◆ What you need to do: Write every line of the material again exactly, with no pictures in the copy.

◆ Information shown:
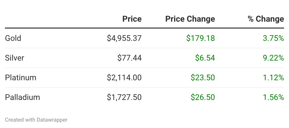 Spot silver was up more than 9% to above $77 an ounce by mid-afternoon in New York on Friday, having earlier tumbled toward $64. That followed a 20% decline in the previous session that wiped out all of the metal’s gains from a spectacular rally last month. Gold also advanced after an earlier retreat. Read on »
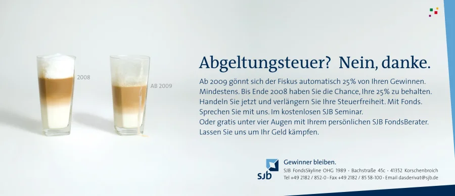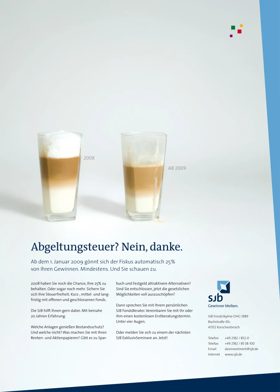 Die Aufgabe war es, für die SJB FondsSkyline 1989 OHG ein Anzeigenmotiv zu gestalten und zu shooten, welches das Thema Abgeltungsteuer und die Folgen für Kapitalanleger visuell verdeutlicht.
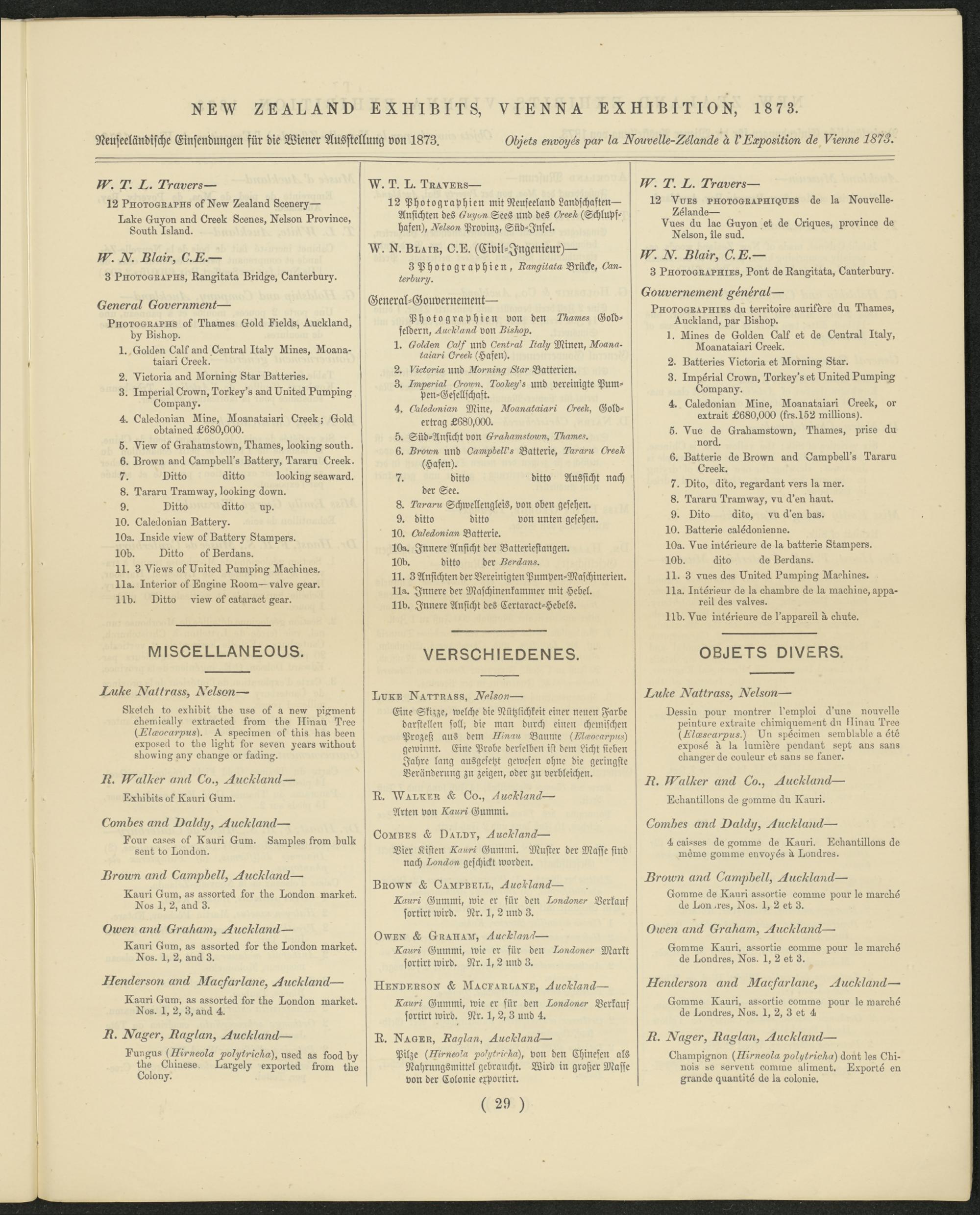 Neuseeländische Einsendungen für die Wiener Ausstellung von 1873. Oö/erls envoz^s a /'Lr^osrAon 7s ^r'en/rs 7S7A.
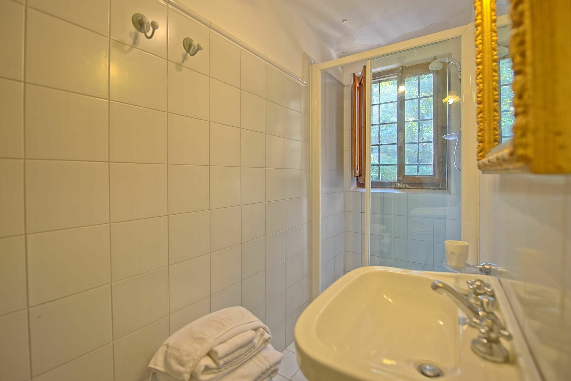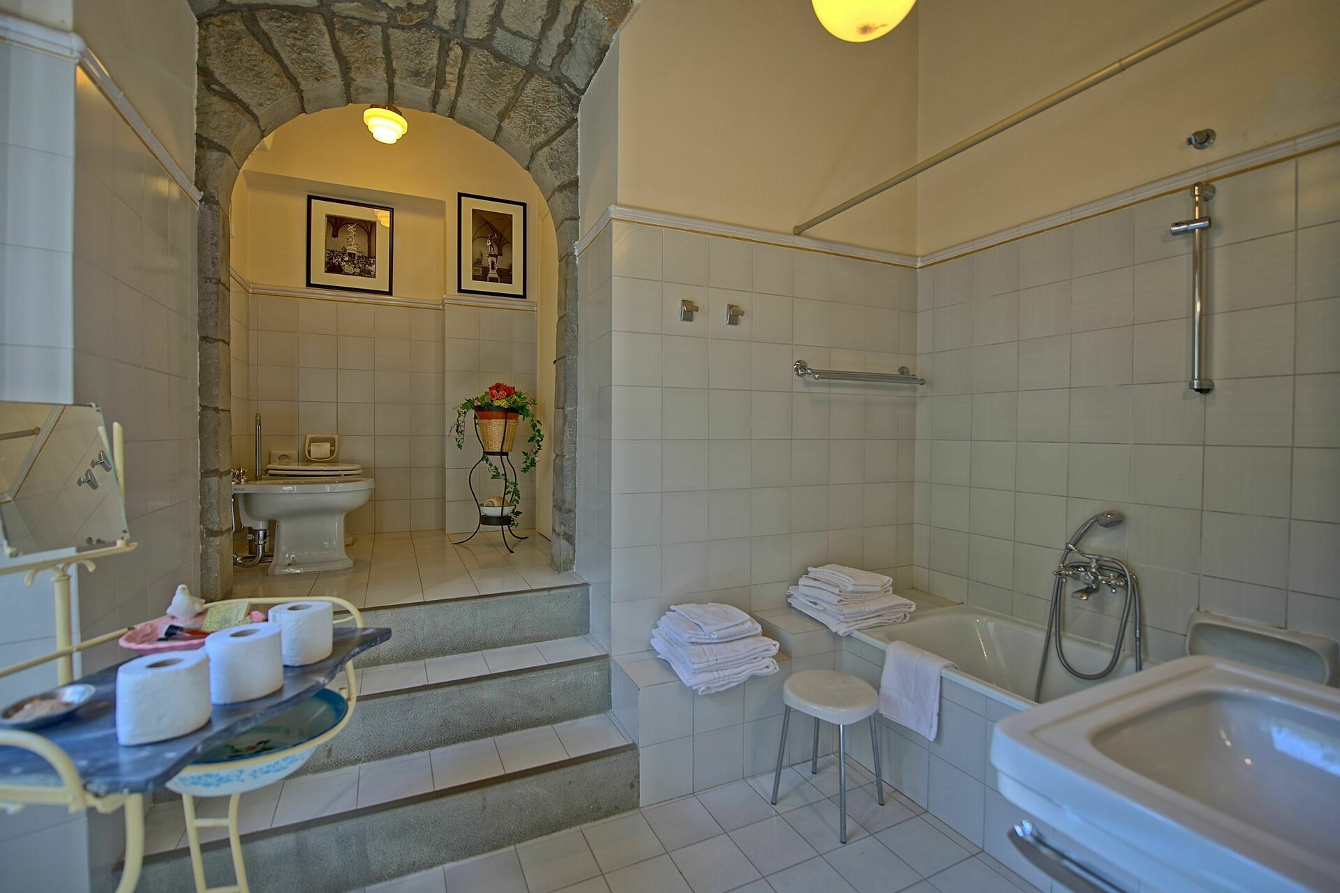 Erster Stock: großes Wohnzimmer mit Steinkamin und vier Doppelzimmer (zwei mit privatem Bad mit Dusche und zwei mit Gemeinschaftsbad mit Dusche und Badewanne).

◆ Answer below:
 Spot silver was up more than 9% to above $77 an ounce by mid-afternoon in New York on Friday, having earlier tumbled toward $64. That followed a 20% decline in the previous session that wiped out all of the metal’s gains from a spectacular rally last month. Gold also advanced after an earlier retreat. Read on »
 Die Aufgabe war es, für die SJB FondsSkyline 1989 OHG ein Anzeigenmotiv zu gestalten und zu shooten, welches das Thema Abgeltungsteuer und die Folgen für Kapitalanleger visuell verdeutlicht.
 Neuseeländische Einsendungen für die Wiener Ausstellung von 1873. Oö/erls envoz^s a /'Lr^osrAon 7s ^r'en/rs 7S7A.
 Erster Stock: großes Wohnzimmer mit Steinkamin und vier Doppelzimmer (zwei mit privatem Bad mit Dusche und zwei mit Gemeinschaftsbad mit Dusche und Badewanne).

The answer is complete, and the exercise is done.